A steel surface defect detection method based on PSN-YOLO
By improving the YOLOv8 network to a PSN-YOLO model and introducing dynamic convolution, multi-scale feature fusion structure and loss function, the problems of insufficient recognition and computational overhead of steel surface defect detection models in complex scenarios are solved, and efficient and accurate automatic detection is achieved.
Patent Information
- Authority / Receiving Office
- CN · China
- Patent Type
- Applications(China)
- Current Assignee / Owner
- HUZHOU UNIVERSITY
- Filing Date
- 2026-04-08
- Publication Date
- 2026-06-16
Smart Images

Figure CN122222992A_ABST
Abstract
Description
Technical Field
[0001] This invention relates to the fields of computer vision and industry. Background Technology
[0002] Steel is an alloyed metallic material with extremely wide applications and an irreplaceable role in modern industry. With the continuous development of modern industry, the requirements for the surface smoothness and quality of steel are increasing across all sectors, making steel surface inspection a current research hotspot. Research and inspection of steel and its surface quality are not only of great significance to industrial development but also contribute to improving product quality and safety.
[0003] The development of steel surface defect detection technology can be roughly divided into three stages: The first stage is the traditional target detection method, which mainly relies on human experience or image processing techniques such as threshold segmentation, edge detection, and texture analysis to identify defects. These methods are simple to implement, but have poor adaptability to changes in lighting, noise interference, and complex surface textures, making it difficult to maintain stable detection accuracy in real industrial environments. The second stage is machine vision-based detection methods, which introduce feature extraction and classification algorithms, such as traditional machine learning models like SVM and KNN, to discriminate image features. These methods improve automation to some extent, but rely on manually designed features, have limited ability to identify small or complex defects, and involve high computational demands on high-resolution images, making it difficult to balance speed and accuracy. The third stage is deep learning-based detection methods, which utilize convolutional neural networks to automatically learn multi-level feature representations, exhibiting stronger robustness and generalization ability in complex backgrounds and multi-scale defect scenarios. To address the shortcomings of traditional and machine vision methods, YOLOv8 is introduced as the main model for improvement. This not only enables high-precision end-to-end automatic detection but also effectively reduces computational complexity while maintaining detection performance, thereby meeting the dual requirements of real-time performance and accuracy in industrial settings. Summary of the Invention
[0004] This invention aims to address the shortcomings of existing steel surface defect detection models in complex industrial scenarios, such as insufficient ability to identify small target defects, limited feature representation capabilities, and high computational costs. To this end, this invention proposes a steel surface defect detection method based on PSN-YOLO, which enables high-precision automatic detection of various types of steel defects.

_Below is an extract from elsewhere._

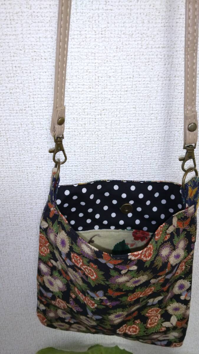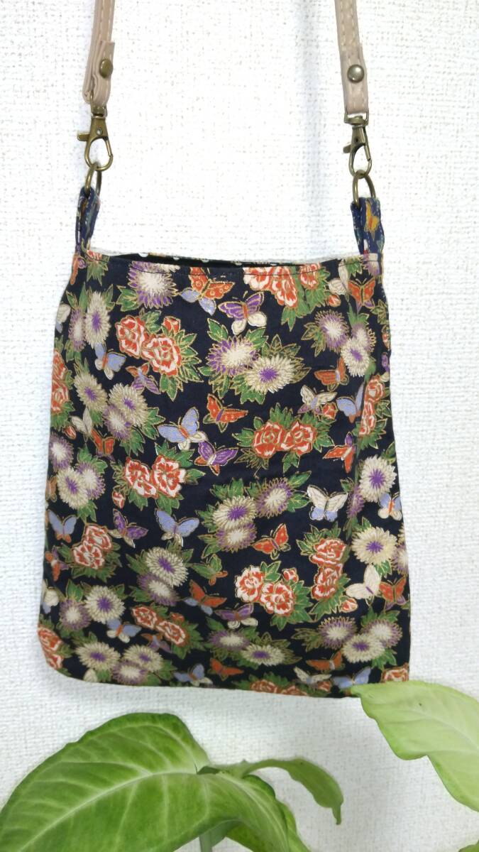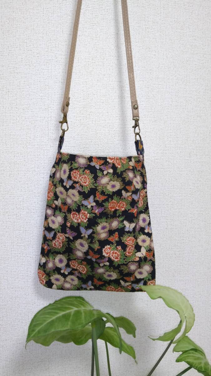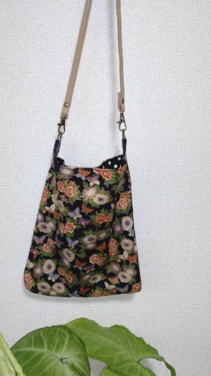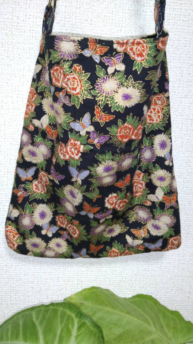 ハンドメイド・オンリーワンのバック・コットン和柄・黒地・菊・バラ・蝶々・ショルダー/斜め掛けバック
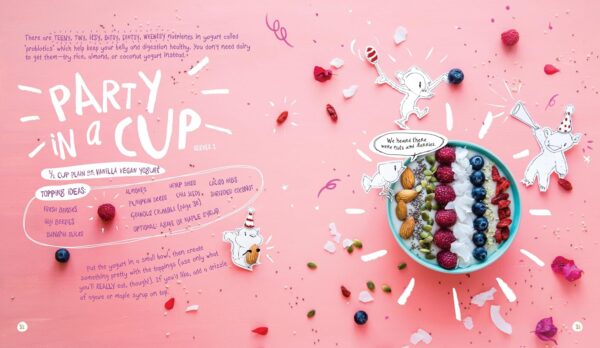 Recipes include: fun-to-munch hand-held snacks like Life Boats, bright fruit-flavored drinks like Tickled Pink, the always-popular things on toast like Leprechaun Tracks, salads they will actually eat like Tiger Stripes, cozy small meals like Tomato Tornado and sweets like chocolatey Disappearing Dots, because everybody likes candy!

[0005] The technical solution of this invention is as follows: A PSN-YOLO model is constructed on the basis of the YOLOv8 network, and a ParameterNet dynamic convolution module is introduced into the backbone network to enhance the feature extraction capability; the original SPPF module is replaced with the SPPELAN feature fusion module to improve the multi-scale feature expression capability; at the same time, the NWDLoss loss function is used to replace the original CIoU loss function to reduce the sensitivity of the model to small target position deviation, thereby improving the detection stability and accuracy of small-scale defects.
[0006] The PSN-YOLO model provided by this invention effectively improves the ability to identify minute defects on the surface of steel while ensuring detection accuracy, and also takes into account the computational efficiency of the model. It can be applied to steel surface quality inspection scenarios in actual industrial production, and has positive significance for improving the level of inspection automation and production efficiency.
[0007] Based on the above inventive concept, the present invention adopts the following technical solution:
[0008] A. Dataset Construction: Collect steel surface image data and label six types of defects, namely rolling scale, patches, cracks, pitting, inclusions and scratches, to construct a steel surface defect dataset, which is then divided into training set, validation set and test set according to a preset ratio.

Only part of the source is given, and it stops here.